Italian prosecutors to quiz extradited migrant trafficking 'kingpin'

09 giugno 2016 | 16.36
LETTURA: 2 minuti

Photo: AFP
Photo: AFP

Prosecutors will question an alleged top migrant trafficker, Mered Medhanie, in Rome on Friday amid reports that the wrong man may have been extradited from Sudan to Italy earlier this week.

The interrogation was due to start at 9.30 am on Friday at Rome's Rebbia jail, where the Eritrean national has been held since his arrival in the Italian capital overnight on Wednesday.

Prosecutors allege 35-year-old Mered is at the heart of a multi-million dollar gang trafficking thousands of migrants from Africa to Europe across the Mediterranean, hundreds of whom have died on the journey.

The prosecutors said on Thursday they were verifying British media reports that they had got the wrong man in a major international operation by Italian and British anti-crime agencies that led to the arrest and extradition of a person presented as migrant smuggling 'kingpin'.

"We are carrying out the appropriate checks... but whatever emerges, this is a strange matter," Palermo Chief Prosecutor Francesco Lo Voi told Adnkronos.

The suspect was arrested in the Sudanese capital Khartoum in late May on charges of human trafficking and abetting illegal immigration and faces up to 30 years in prison if found guilty.

Italy has jurisdiction in the case because it was the first point of arrival in Europe for most of the migrants.

Prosecutors in Palermo are also spearheading an investigation into a migrant ship that caught fire and capsized off the southern island of Lampedusa in 2013, killing 359 people, a tragedy for which they hold Mered responsible.

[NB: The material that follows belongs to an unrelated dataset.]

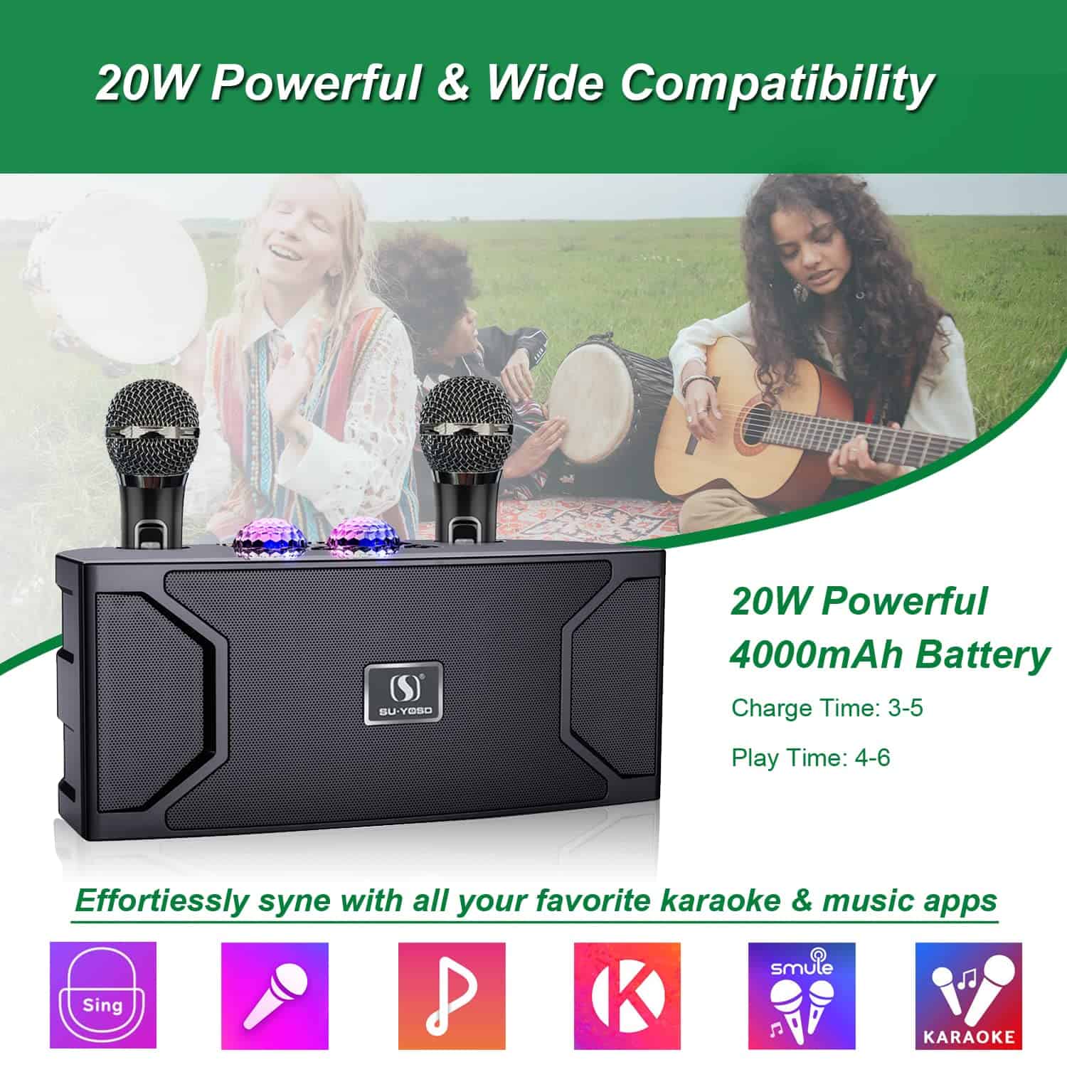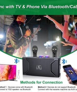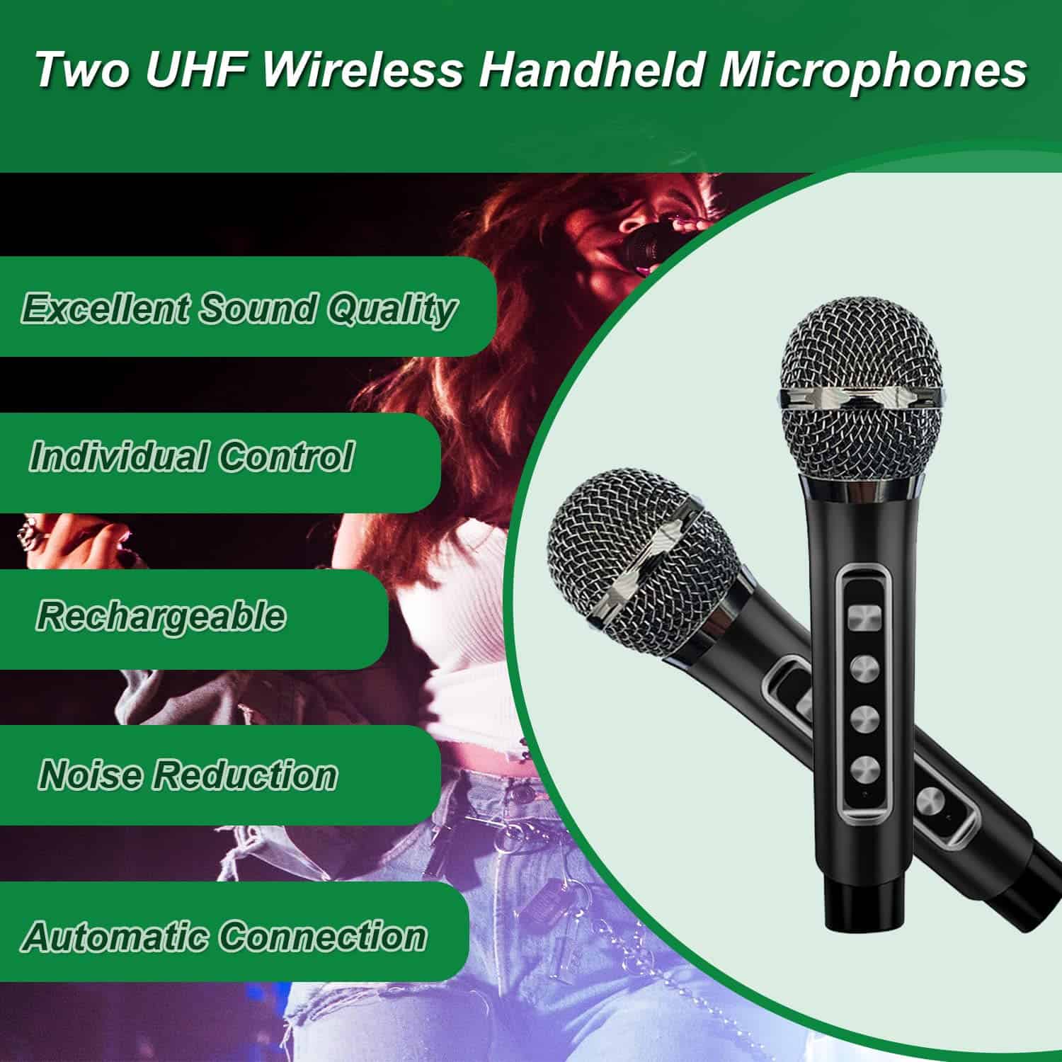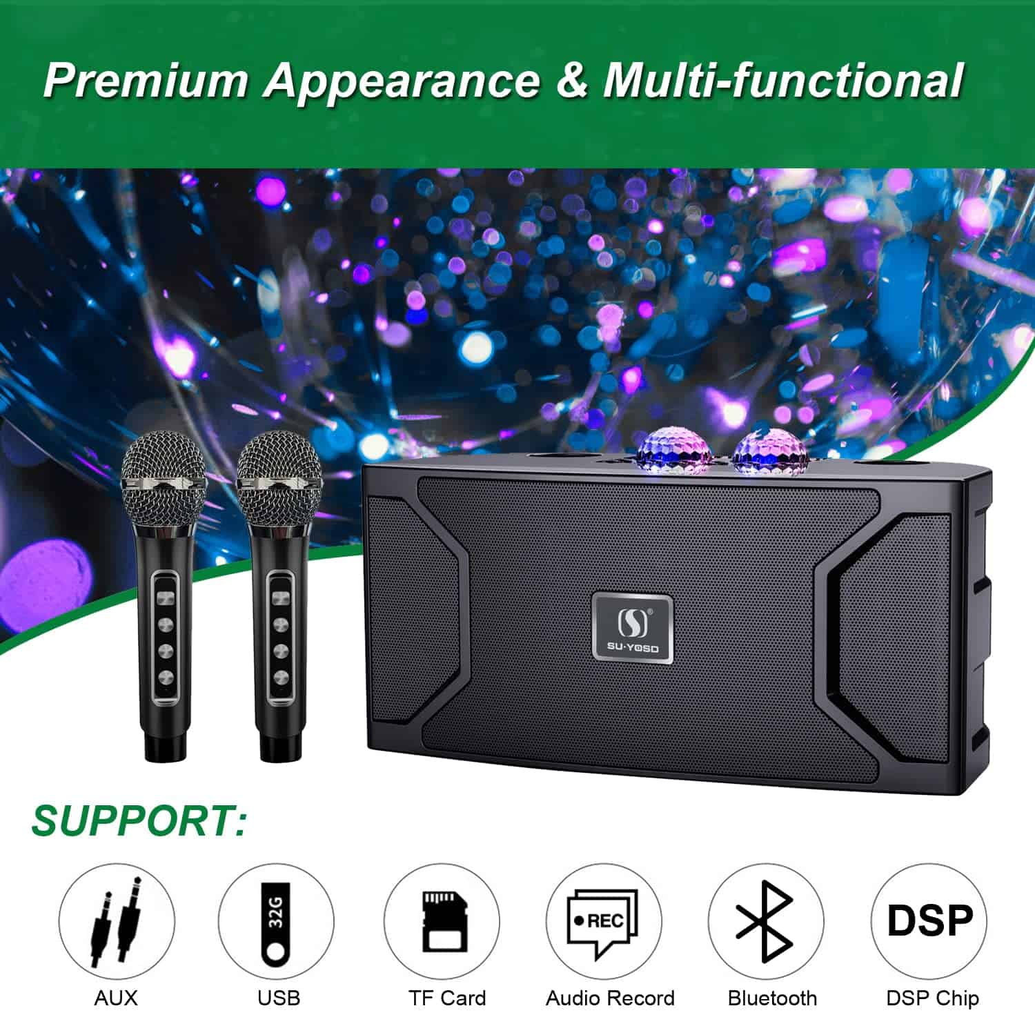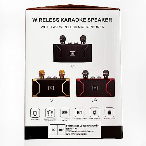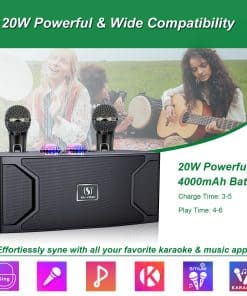 Máquina de Karaoke con Bluetooth y 2 Micrófonos Inalámbricos para Adultos y Niños, Altavoz Karaoke Portátil con Sistema de Canto PA y Luz Disco para Fiestas Navideñas, Regalos Geniales para Niños y Niñas. Este sistema de karaoke inalámbrico está diseñado con funciones multiuso para la reproducción de sonido estéreo de rango completo. Con el chip Bluetooth 5.0 DSP incorporado, la máquina de karaoke proporciona una transmisión más estable y a mayor distancia, asegurando una fiesta ininterrumpida con un rango de trabajo de hasta 33 pies. Es compatible con teléfonos móviles Android, TV, iPad, tabletas, PC, ideal para fiestas personales, escuelas, salones de clases y gimnasios. El sistema de karaoke tiene integrado Bluetooth 5.0 con un rango de trabajo de hasta 33 pies, con una señal estable y confiable durante el canto y sin preocupaciones de cortes. Viene con dos micrófonos inalámbricos UHF, diseñados con tecnología avanzada de reducción de ruido activa, un procesador de audio DSP profesional y el chip EQ para ajustar automáticamente los agudos y los graves, asegurando que cada palabra sea perfecta. La máquina de karaoke incluye una bola de luz disco colorida que añade una increíble atmósfera de fiesta, ya sea en el jardín, parque o patio trasero. Empuja toda la atmósfera de karaoke al punto más alto con efectos de iluminación LED multicolores. Además, cuenta con la función de eliminación de los vocales originales con un solo clic, permitiéndote aprender a cantar sin los vocales como respaldo y mostrando tus maravillosas canciones en el acompañamiento. Disfruta de tu música favorita en cualquier lugar con esta increíble máquina de karaoke portátil.
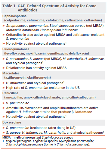 TREATMENT OF OUTPATIENTS — For outpatient treatment of CAP in otherwise healthy adults without comorbidities (chronic heart, lung, liver or renal disease, diabetes, alcoholism, malignancy, or asplenia), current guidelines recommend oral treatment with high-dose amoxicillin (1 g tid) or doxycycline (see Table 2). For many years, monotherapy with an oral macrolide such as azithromycin was a regimen of choice for treatment of CAP, but the rate of macrolide-resistant S. pneumoniae is now >40% in many areas in the US; current guidelines recommend that oral macrolide monotherapy be considered only in areas where pneumococcal resistance rates to macrolides are <25%.1 High-dose amoxicillin monotherapy provides coverage against S. pneumoniae, but it has no activity against atypical pathogens; some experts would add a macrolide or doxycycline if infection with an atypical pathogen is suspected.

After his extradition, Italian and British authorities described Mered as a ruthless criminal known as the 'General' because he modelled himself on late Libyan dictator Moamer Gaddafi.

But the BBC and Britain's Guardian newspaper on Thursday quoted alleged friends and family of the suspect as saying his real name was Medhanie Tesfarmariam Berhe and that he was a "completely innocent" 27-year-old Eritrean refugee who had moved to Khartoum last year.

UK's National Crime Agency, which helped to track and arrest the suspect said it was "too soon to speculate" about the mistaken identity claims but added it was "confident in its intelligence-gathering process".